Cayó sobre una rodilla, tosiendo un humo negro y una sangre que chisporroteaba en el aire.
—Bueno, esto ha sido divertido…
—rio Lyrin, con una voz tan dulce como el cristal roto—.
Pero es hora de que mueras…
Cuatro cielos distintos sangraban, ardían y gritaban.
Cuatro mujeres danzaban al filo de la muerte con sonrisas que nunca llegaban a sus ojos.
—-
Kale holgazaneaba ahora en el trono, con una pierna sobre el reposabrazos y los dedos marcando un ritmo perezoso.
—¿Cuánto tiempo lleva esto así?
Yonna no lo miró.
—El primer ataque se lanzó hace tres semanas.
Tus… mujeres llevan enzarzadas con esos cuatro Rangos-A cerca de media hora.
—¿Y sus Rangos S todavía no se han movido?
—la voz de Kale denotaba una diversión perezosa.
—¿Y por qué iban a hacerlo?
—el tono de Yonna era de acero invernal—.
Las tropas que mueren ahí abajo son carne de cañón, en el mejor de los casos.
Tú lo sabes.
Kale se levantó, con el sigilo parpadeando en su lengua mientras sonreía.
—Entonces, no alarguemos demasiado esta guerra.
Iré yo mismo al campo de batalla.
Contacta con mi madre.
Dile que venga…
Las dos podéis observar desde la poza.
Pienso obtener ese rango en dos meses.
Ya estaba saliendo, y sus botas resonaban contra la obsidiana como los primeros compases de una marcha fúnebre.
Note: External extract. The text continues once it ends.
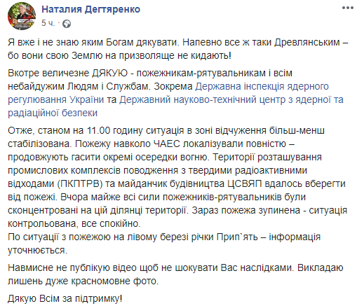 "Прекратите наконец-то врать! Что вы якобы контролируете ситуацию. О каком "горении травяного настила, камыша и лесной подстилки отдельными очагами" вы твердите?! Сейчас ситуация неконтролируемая - она критична. От всего сердца спасибо пожарным и спасателям! Спасибо так же, как в 1986 году!" — написала Дегтяренко в Facebook.

Yonna se giró, la confusión asomó a su rostro por primera vez, y luego se transformó en algo afilado y hambriento.
«Dos meses…
Para entonces…»
Sus dedos se curvaron sobre su palma, con las uñas hundiéndose en la carne hasta formar medias lunas.
Llevaba demasiados años estancada en el Pico del Rango A.
Pero ahora tenía una pista sobre cómo seguir adelante…
Vio cómo la puerta se cerraba tras él y le susurró al aire vacío: —Je, parásito.